- _WORK TO COMPLETE_
Pictures stay out; everything else from the first line of the entries down through the line with "Puchar sportowy klasy" gets copied exactly.

- _RECORDS SUPPLIED_
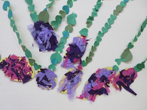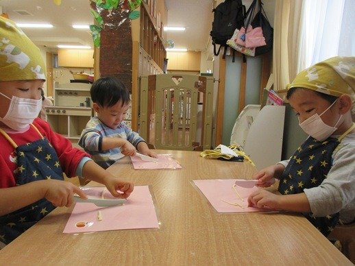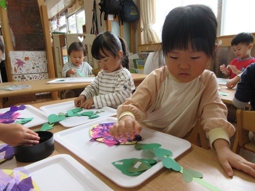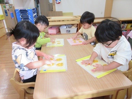 指先につけた糊を、広い面に塗り広げることにチャレンジ!ちぎったお花紙をくっつけて、おいしそうなお芋ができあがり。♡の形の葉っぱもいっぱいつけて作ったんですよ。
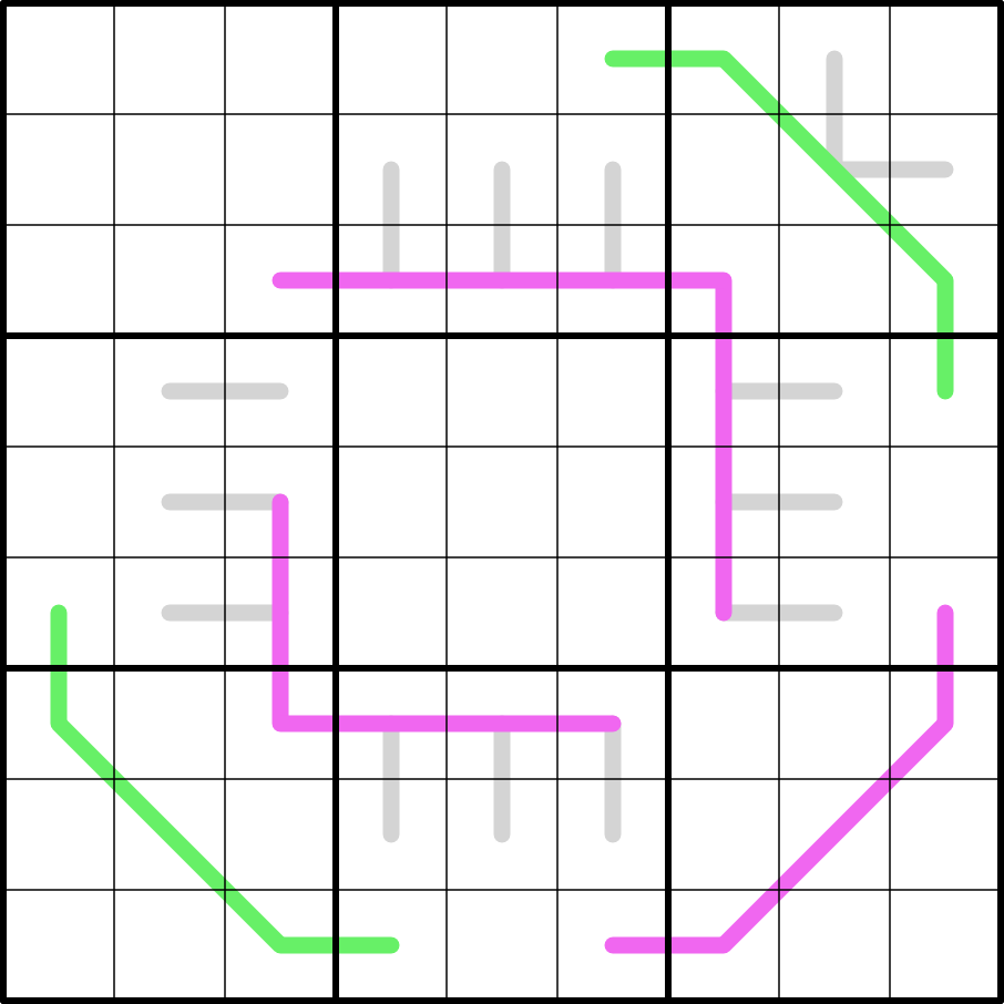 Digits along a pink line must form a non-repeating group of consecutive digits, but they may appear in any order along the line.
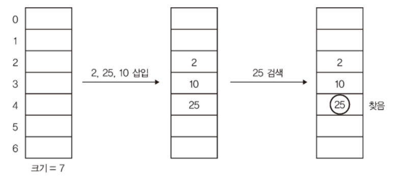 - 이 방식에서 원소 삽입, 삭제, 검색의 시간 복잡도는 O(1)
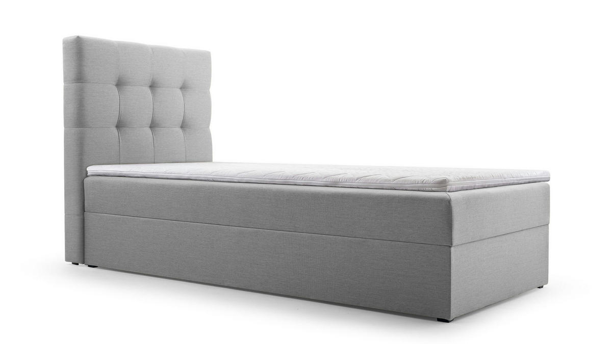 BETT - Boxspringbett 90x200 - 05 Hugo 91 - Hellgrau - Hellgrau, Holz (90/200cm) - Möblo
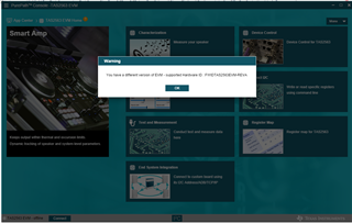 我们将 TAS2X63EVM 套件与 PPC3应用连接。 当我们打开应用程序时、它会显示一条消息、提示您有不同版本的 EVM。
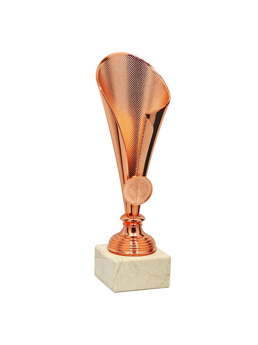 Puchar sportowy klasy SUPER ECONOMIC wykonany z komponentów plastikowych umieszczony na podstawie z naturalnego marmuru lub syntetycznej podstawie GBX w zależności od modelu pucharu.
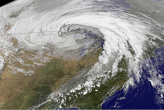 This image, taken by the GOES satellite on October 26, shows the storm system circling around the area of extreme low pressure. Such extratropical cyclones form over the United States in the spring and fall, when the temperature difference from north to south is large. Warm, high-pressure air rushes toward the cooler, low-pressure air in the north. Because the Earth is rotating, the air moving in ends up circling the area of low pressure, creating the cyclone shown in the image. The intensity of the storm is determined by the pressure difference between the center and the outer edges. Extreme low pressure in the center of the storm, therefore, is an indicator that the storm was very intense. The cyclone formed very quickly on October 26, taking a distinctive comma shape as the day went on. The storm developed so quickly, in fact, that it is classified as a bomb, an extremely fast developing storm (dropping at least one millibar of pressure per hour for 24 hours), more common over water than land.
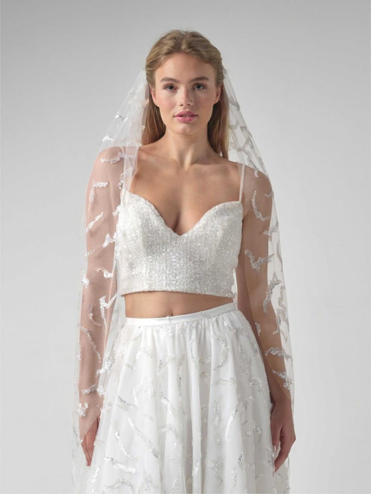 Decorazione: Paillettes argentate a forma di onda su tutto il velo
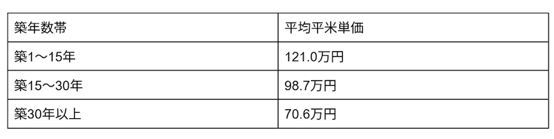 マンションナビが公開する世田谷区の築年数帯ごとの平均平米単価を見ると、築浅と築古の差がわずか22万円(平米単価)程度に収まっていることに驚かされる。

- _RESPONSE BELOW_
 指先につけた糊を、広い面に塗り広げることにチャレンジ!ちぎったお花紙をくっつけて、おいしそうなお芋ができあがり。♡の形の葉っぱもいっぱいつけて作ったんですよ。
 Digits along a pink line must form a non-repeating group of consecutive digits, but they may appear in any order along the line.
 - 이 방식에서 원소 삽입, 삭제, 검색의 시간 복잡도는 O(1)
 BETT - Boxspringbett 90x200 - 05 Hugo 91 - Hellgrau - Hellgrau, Holz (90/200cm) - Möblo
 我们将 TAS2X63EVM 套件与 PPC3应用连接。 当我们打开应用程序时、它会显示一条消息、提示您有不同版本的 EVM。
 Puchar sportowy klasy SUPER ECONOMIC wykonany z komponentów plastikowych umieszczony na podstawie z naturalnego marmuru lub syntetycznej podstawie GBX w zależności od modelu pucharu.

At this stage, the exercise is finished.